**WHAT IS NEEDED**.
Of the entries below, return exactly those lines that fall between the one containing "При необходимости помыть" and the one containing "Regex.Replace は、テキスト", the two end lines included.

**INPUT DATA**.
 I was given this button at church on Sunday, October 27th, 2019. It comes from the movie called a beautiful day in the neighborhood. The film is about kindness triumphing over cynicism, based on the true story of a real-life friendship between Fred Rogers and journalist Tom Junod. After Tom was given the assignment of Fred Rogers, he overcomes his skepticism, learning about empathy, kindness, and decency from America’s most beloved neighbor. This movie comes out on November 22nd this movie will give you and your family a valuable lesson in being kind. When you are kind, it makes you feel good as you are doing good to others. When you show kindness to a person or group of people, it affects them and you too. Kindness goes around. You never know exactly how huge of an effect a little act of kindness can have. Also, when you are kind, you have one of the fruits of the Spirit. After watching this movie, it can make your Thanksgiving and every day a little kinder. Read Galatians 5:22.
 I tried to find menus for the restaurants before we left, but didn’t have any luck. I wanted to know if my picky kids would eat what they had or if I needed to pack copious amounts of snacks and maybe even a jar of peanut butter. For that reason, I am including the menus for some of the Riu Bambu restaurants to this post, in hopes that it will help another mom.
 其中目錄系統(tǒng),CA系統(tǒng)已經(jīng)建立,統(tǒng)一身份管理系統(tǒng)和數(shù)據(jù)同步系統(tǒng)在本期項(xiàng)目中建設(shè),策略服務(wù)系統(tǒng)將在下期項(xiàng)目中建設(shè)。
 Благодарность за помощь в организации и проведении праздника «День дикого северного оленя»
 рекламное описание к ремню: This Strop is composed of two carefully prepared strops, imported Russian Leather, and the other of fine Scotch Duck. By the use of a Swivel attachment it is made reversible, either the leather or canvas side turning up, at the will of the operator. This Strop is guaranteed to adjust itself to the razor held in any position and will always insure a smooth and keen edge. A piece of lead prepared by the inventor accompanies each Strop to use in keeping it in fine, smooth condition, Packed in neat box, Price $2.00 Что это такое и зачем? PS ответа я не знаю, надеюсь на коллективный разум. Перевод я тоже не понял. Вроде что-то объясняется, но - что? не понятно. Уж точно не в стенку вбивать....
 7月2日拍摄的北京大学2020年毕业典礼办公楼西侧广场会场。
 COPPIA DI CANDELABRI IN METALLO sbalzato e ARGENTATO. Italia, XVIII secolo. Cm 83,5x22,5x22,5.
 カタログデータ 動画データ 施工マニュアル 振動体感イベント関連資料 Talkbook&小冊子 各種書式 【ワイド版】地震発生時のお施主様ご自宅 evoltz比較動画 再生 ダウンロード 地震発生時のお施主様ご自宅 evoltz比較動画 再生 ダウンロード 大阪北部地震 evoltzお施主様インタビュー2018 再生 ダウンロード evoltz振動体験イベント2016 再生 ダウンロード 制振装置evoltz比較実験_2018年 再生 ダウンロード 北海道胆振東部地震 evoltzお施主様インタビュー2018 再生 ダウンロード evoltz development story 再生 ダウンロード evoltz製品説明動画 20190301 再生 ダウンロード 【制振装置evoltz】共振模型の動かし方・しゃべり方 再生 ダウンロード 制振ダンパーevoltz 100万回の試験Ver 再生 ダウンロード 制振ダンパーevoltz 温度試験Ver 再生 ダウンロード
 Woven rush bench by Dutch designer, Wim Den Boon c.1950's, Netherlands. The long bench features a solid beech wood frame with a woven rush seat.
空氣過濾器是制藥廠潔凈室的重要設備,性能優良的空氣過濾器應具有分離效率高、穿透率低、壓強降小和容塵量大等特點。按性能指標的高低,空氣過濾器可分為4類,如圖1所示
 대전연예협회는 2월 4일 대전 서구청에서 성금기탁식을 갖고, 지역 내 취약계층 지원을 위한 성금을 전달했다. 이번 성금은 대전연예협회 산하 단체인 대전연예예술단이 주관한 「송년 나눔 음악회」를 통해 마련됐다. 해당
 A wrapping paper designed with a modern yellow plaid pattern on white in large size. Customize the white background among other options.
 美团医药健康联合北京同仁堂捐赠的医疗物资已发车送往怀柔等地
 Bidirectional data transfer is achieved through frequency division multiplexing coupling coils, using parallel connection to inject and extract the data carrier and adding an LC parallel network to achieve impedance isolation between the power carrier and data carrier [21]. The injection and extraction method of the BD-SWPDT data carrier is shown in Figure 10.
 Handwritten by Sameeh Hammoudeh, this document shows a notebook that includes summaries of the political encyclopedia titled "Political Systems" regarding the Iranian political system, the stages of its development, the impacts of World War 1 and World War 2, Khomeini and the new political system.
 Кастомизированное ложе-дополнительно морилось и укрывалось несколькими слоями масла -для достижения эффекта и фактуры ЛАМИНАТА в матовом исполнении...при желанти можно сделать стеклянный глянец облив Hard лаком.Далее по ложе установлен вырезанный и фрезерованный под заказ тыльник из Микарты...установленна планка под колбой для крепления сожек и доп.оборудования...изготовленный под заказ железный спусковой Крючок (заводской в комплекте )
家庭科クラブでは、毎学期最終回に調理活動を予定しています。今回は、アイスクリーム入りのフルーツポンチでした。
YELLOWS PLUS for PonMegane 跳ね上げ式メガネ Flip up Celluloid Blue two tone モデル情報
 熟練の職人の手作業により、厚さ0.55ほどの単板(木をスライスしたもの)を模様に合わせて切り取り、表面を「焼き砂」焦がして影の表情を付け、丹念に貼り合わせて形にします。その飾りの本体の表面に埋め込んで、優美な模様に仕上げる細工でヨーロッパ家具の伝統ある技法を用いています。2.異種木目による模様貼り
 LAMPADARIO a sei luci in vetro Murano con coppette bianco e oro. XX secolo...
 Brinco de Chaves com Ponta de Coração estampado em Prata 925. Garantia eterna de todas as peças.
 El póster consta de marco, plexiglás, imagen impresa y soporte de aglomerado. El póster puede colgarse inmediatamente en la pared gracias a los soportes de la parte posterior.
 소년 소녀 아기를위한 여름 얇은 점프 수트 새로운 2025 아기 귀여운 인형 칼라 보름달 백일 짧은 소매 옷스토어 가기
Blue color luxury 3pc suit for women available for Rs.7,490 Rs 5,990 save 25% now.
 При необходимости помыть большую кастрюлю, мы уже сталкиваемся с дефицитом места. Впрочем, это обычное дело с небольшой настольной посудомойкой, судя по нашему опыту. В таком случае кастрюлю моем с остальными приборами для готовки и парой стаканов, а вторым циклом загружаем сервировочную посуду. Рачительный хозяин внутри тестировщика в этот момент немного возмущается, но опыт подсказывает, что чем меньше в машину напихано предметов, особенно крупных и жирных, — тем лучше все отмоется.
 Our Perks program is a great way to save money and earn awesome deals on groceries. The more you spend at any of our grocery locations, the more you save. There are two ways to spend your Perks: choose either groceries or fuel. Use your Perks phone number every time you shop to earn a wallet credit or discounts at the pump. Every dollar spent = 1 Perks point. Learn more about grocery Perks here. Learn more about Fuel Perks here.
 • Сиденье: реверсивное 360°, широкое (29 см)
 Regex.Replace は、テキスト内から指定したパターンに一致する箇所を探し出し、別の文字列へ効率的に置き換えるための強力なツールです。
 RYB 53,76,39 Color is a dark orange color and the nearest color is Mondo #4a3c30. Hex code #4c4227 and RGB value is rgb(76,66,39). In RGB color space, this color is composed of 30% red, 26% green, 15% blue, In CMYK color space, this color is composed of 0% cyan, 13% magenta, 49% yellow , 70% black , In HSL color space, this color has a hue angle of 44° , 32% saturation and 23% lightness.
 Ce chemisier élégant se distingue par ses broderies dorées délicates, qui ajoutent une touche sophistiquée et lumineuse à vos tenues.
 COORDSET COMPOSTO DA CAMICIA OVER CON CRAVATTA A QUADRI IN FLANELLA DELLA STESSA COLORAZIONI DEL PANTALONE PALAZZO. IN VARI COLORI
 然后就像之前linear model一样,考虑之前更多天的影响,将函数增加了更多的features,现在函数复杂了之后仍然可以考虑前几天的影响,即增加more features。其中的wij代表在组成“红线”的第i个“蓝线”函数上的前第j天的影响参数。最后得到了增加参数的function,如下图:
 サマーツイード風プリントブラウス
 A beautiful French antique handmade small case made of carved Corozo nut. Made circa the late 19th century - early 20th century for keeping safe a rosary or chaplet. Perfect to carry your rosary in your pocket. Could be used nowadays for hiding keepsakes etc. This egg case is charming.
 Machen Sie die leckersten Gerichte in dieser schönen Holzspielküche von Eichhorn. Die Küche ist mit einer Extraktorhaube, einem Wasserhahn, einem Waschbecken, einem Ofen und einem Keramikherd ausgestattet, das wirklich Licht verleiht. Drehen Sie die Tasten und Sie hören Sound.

**REPLY**.
 При необходимости помыть большую кастрюлю, мы уже сталкиваемся с дефицитом места. Впрочем, это обычное дело с небольшой настольной посудомойкой, судя по нашему опыту. В таком случае кастрюлю моем с остальными приборами для готовки и парой стаканов, а вторым циклом загружаем сервировочную посуду. Рачительный хозяин внутри тестировщика в этот момент немного возмущается, но опыт подсказывает, что чем меньше в машину напихано предметов, особенно крупных и жирных, — тем лучше все отмоется.
 Our Perks program is a great way to save money and earn awesome deals on groceries. The more you spend at any of our grocery locations, the more you save. There are two ways to spend your Perks: choose either groceries or fuel. Use your Perks phone number every time you shop to earn a wallet credit or discounts at the pump. Every dollar spent = 1 Perks point. Learn more about grocery Perks here. Learn more about Fuel Perks here.
 • Сиденье: реверсивное 360°, широкое (29 см)
 Regex.Replace は、テキスト内から指定したパターンに一致する箇所を探し出し、別の文字列へ効率的に置き換えるための強力なツールです。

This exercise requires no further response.